There for you can't rename the folder to functions and place a folder called geopy in there because that won't work, nor will placing the contents of geopy in a folder called functions because that's not what geopy will look for.
Adding the path to sys.path (Py2 + 3)
As discussed in the comments, you can also add the folder to your sys.path variable prior to imports.
import sys
sys.path.insert(0, './functions')
import geopy
print(geopy)
>>> <module 'geopy' from './functions/geopy/__init__.pyc'>
Why this is a bad idea: It will work, and is used by many. The problems that can occur is that you might replace system functions or other modules might get loaded from other folders if you're not careful where you import stuff from. There for use .insert(0, ...) for most and be sure you actually want to risk replacing system built-ins with "shady" path names.

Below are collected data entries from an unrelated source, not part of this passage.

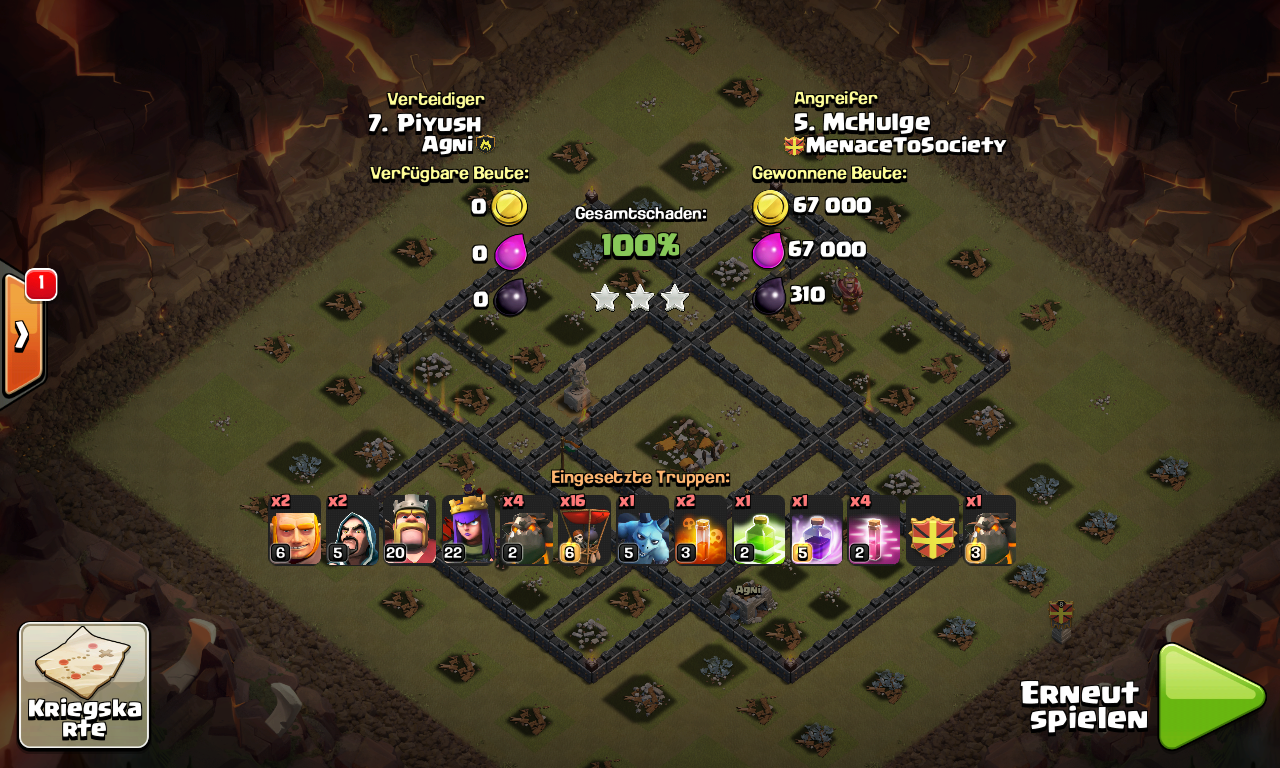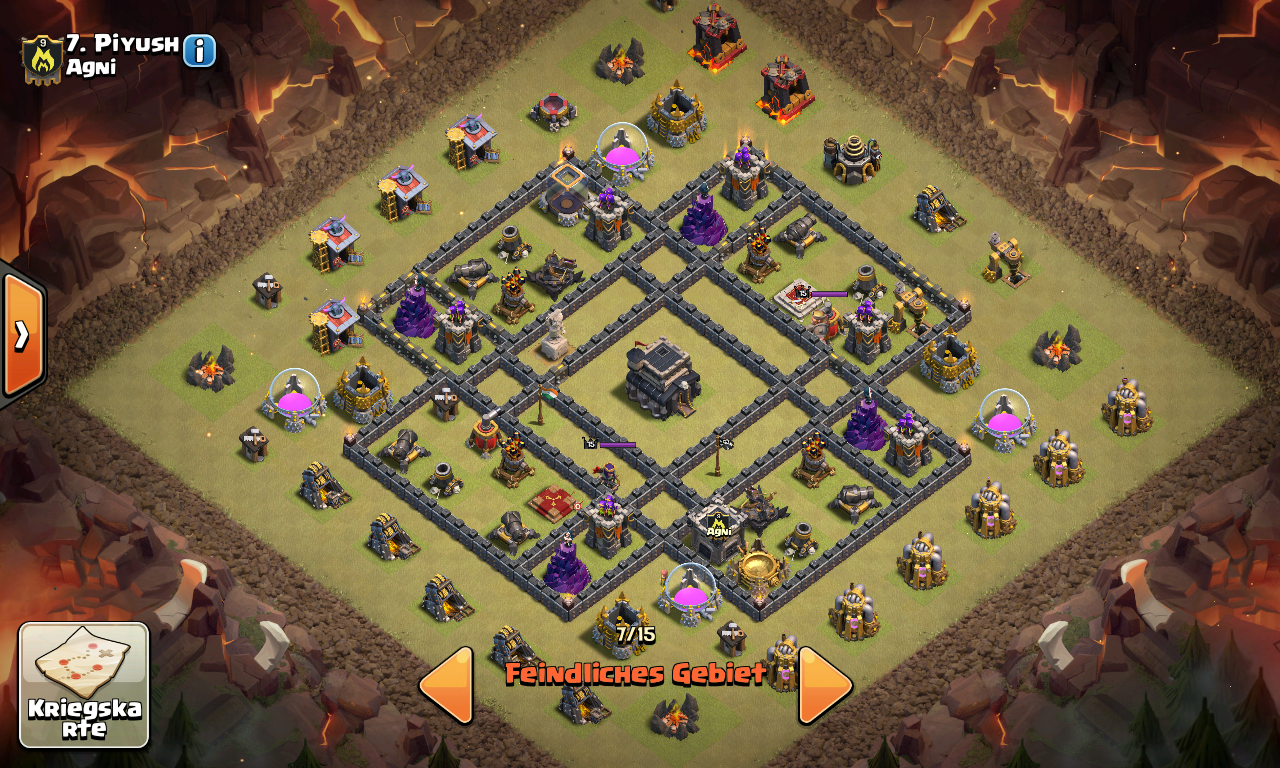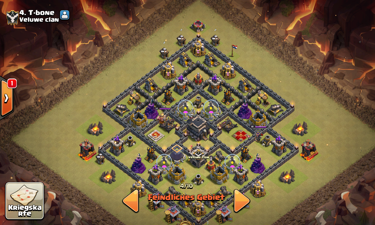 hallo ihr lieben, ich habe die Befürchtung dass ich bei dieser base auf die Nase Falle. Hat hier evtl jemand schon mal Erfahrung mit gemacht?? Die Gegner cb ist kein Thema, ich dachte daran mit den ks bei der Queen rein zu gehen und mittels jump den KS rechts Richtung x Bogen zu bringen, die anderen beiden Abteile dann mit hogs zu plätten, was meint ihr? Tesla stehen vermutlich in den leeren Boxen und die Riesenbomben hoffentlich einzeln daneben. Habt ihr evtl einen alternativ Vorschlag?? Meine Truppen sind max th9, queen22, king 20. über Vorschläge würde ich mich freuen Gruß, McHulge
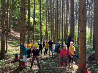 Am 10. Mai war unser Kletterhugo schon in den frühen Morgenstunden im Untergermaringer Wald. Dort baute er und sein Team über Stunden mehrere Kletter- und Flugelemente auf. Ab 11 Uhr ging es dann für die Georgifüchse hoch hinaus. Unter Teamarbeit zogen sie sich über 8 Meter in die Höhe, um dann im Klettergurt durch die Lüfte, wie ein Eichhörnchen zu fliegen. Mit dem Flying Fox flogen sie über Hecken und kleine Sträucher 15 Meter durch den Wald. Auch das aufgebaute Spinnennetz erforderte Geschicklichkeit und Teamgeist. Nach über 3 Stunden fliegen, ziehen, klettern und krabbeln schmeckte das mitgebrachte Picknick doppelt so gut.
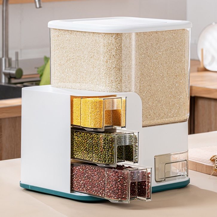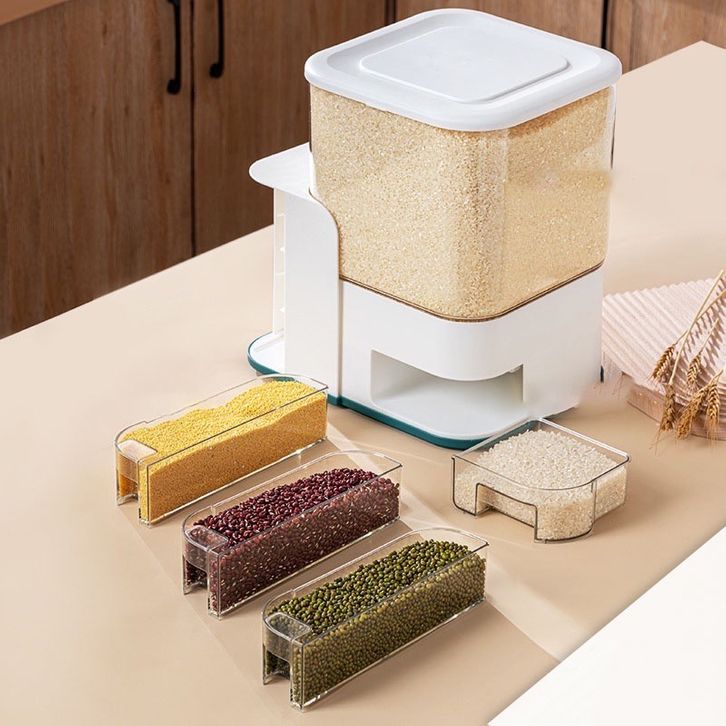 【ZEN】Dispenser Beras Transparan 12.5KG 10KG dengan 3PCS Wadah Bumbu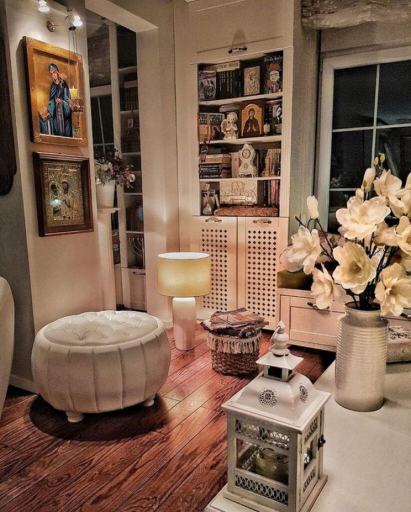 U dnevnoj sobi nalaze se police sa mnoštvom knjiga, fotografijama i ikonama. Tu su sveće i cveće koje dodatno doprinose na atmosferi topline.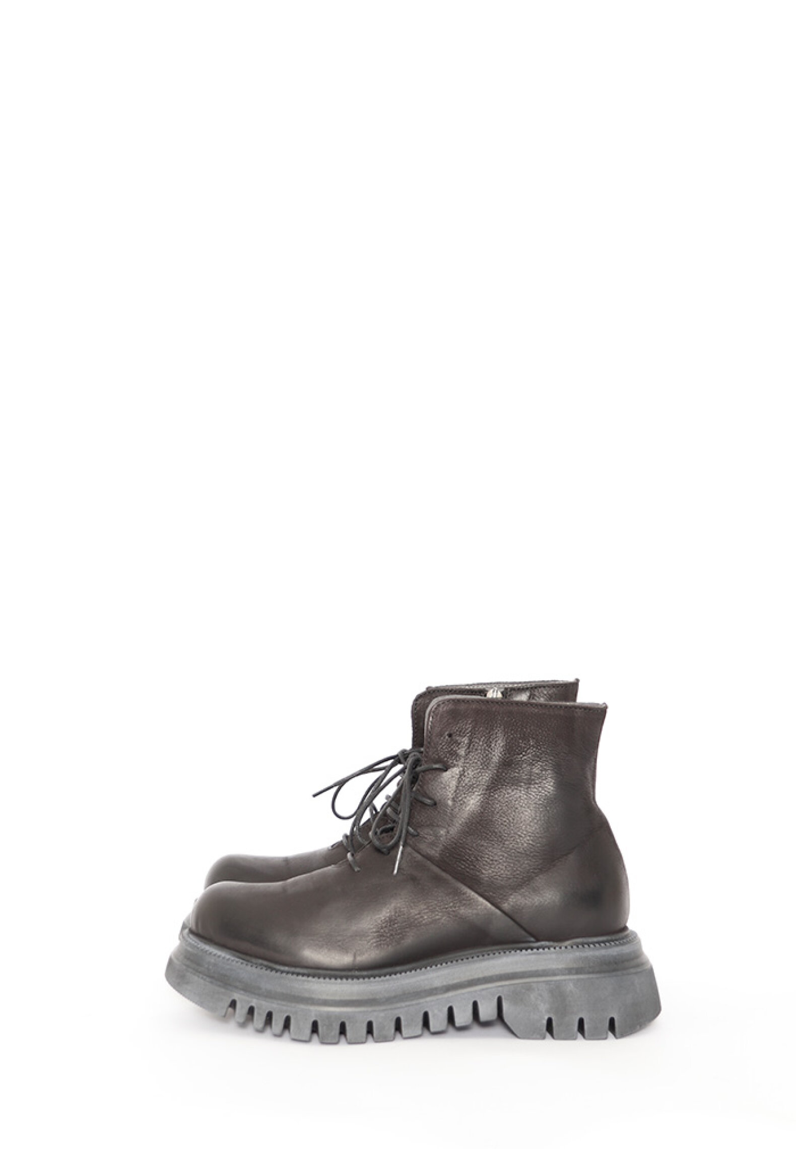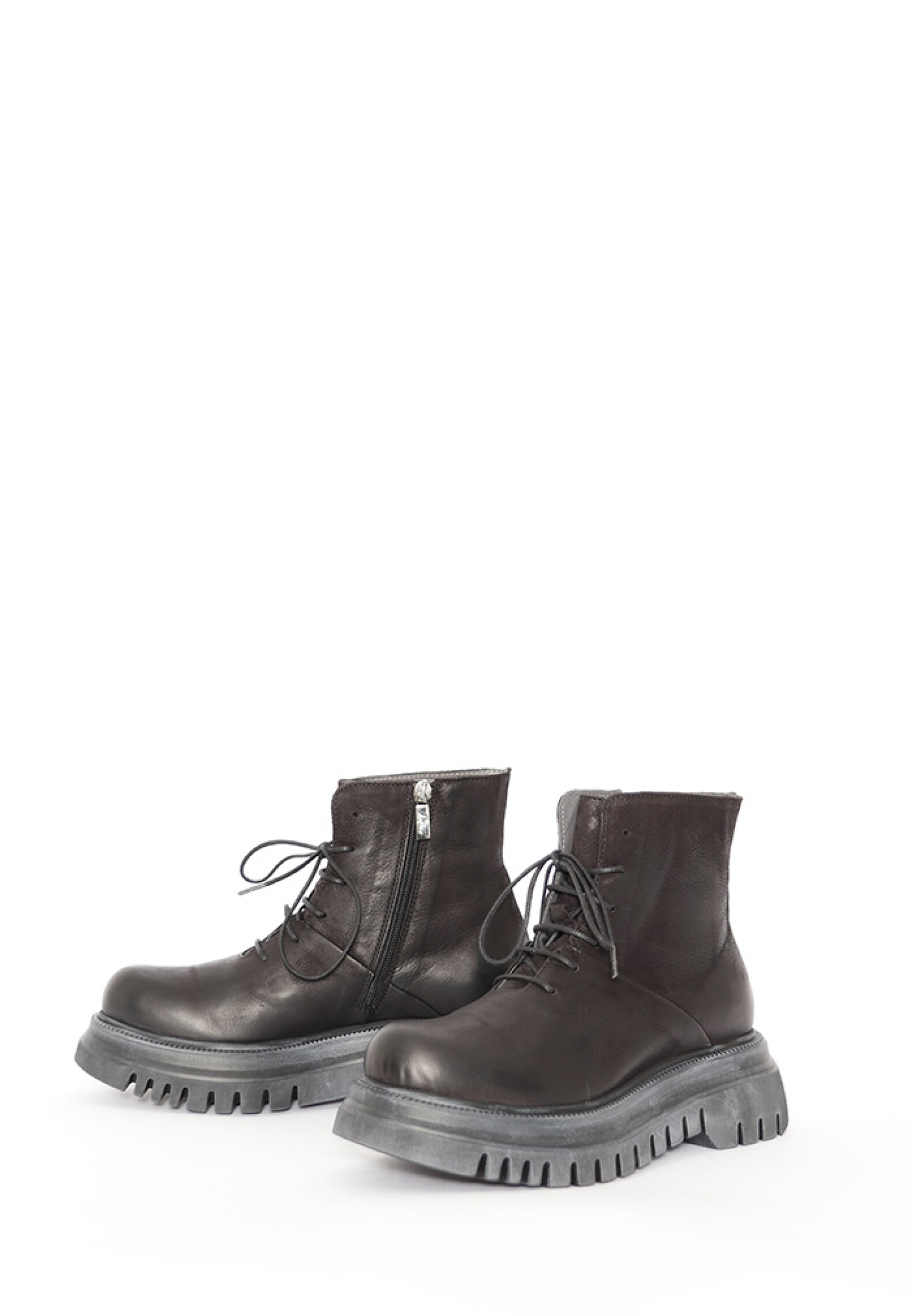 Lofina boot with a chunky micro sole. The boot has laces and a zipper closure, which makes it easy to wear. The boot is made in black.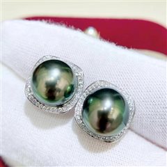 18K白金钻石镶天然海水大溪地珍珠耳钉(11-12mm)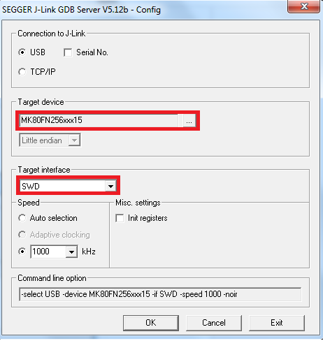 Modify the settings as shown below. The target device selection chosen for this example is the "MK80FN256xxx15"
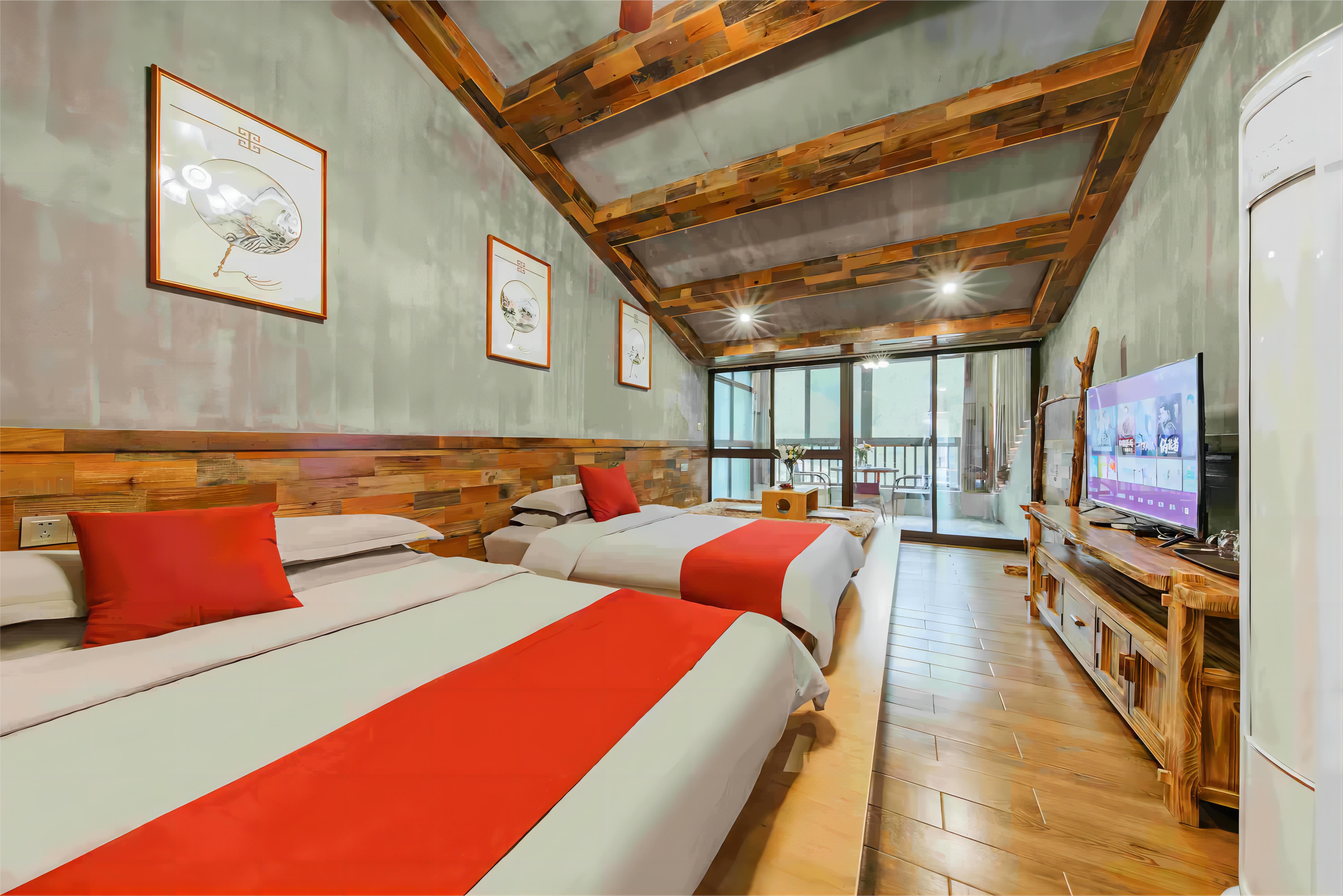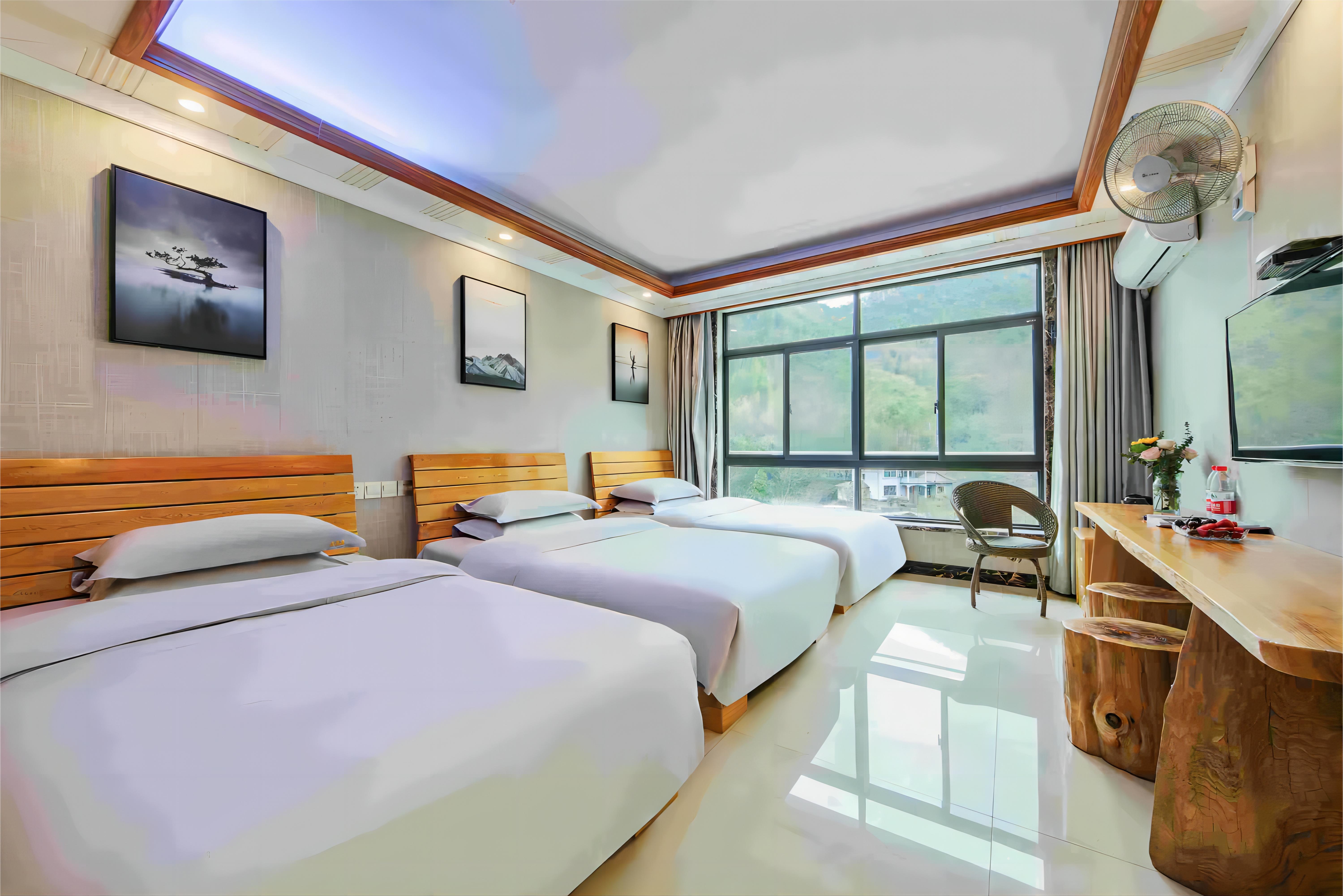 房型:标间7间(1.2),大床房2间(1.8),三人间2间(1.2),亲子间9间(1.8+1.2)

What you suggest is bad practice, it is a weak arrangement. The best solution (which is also easy to do) is to package it properly and add an explicit dependency, like this:
from setuptools import setup
setup(name='funniest',
version='0.1',
description='The funniest joke in the world',
url='http://github.com/storborg/funniest',
author='Flying Circus',
author_email='flyingcircus#example.com',
license='MIT',
packages=['funniest'],
install_requires=[
'markdown',
],
zip_safe=False)
This will work if the third party library is on pipy. If it's not, use this:
setup(
...
dependency_links=['http://github.com/user/repo/tarball/master#egg=package-1.0']
...
)
(See this explanation for packaging).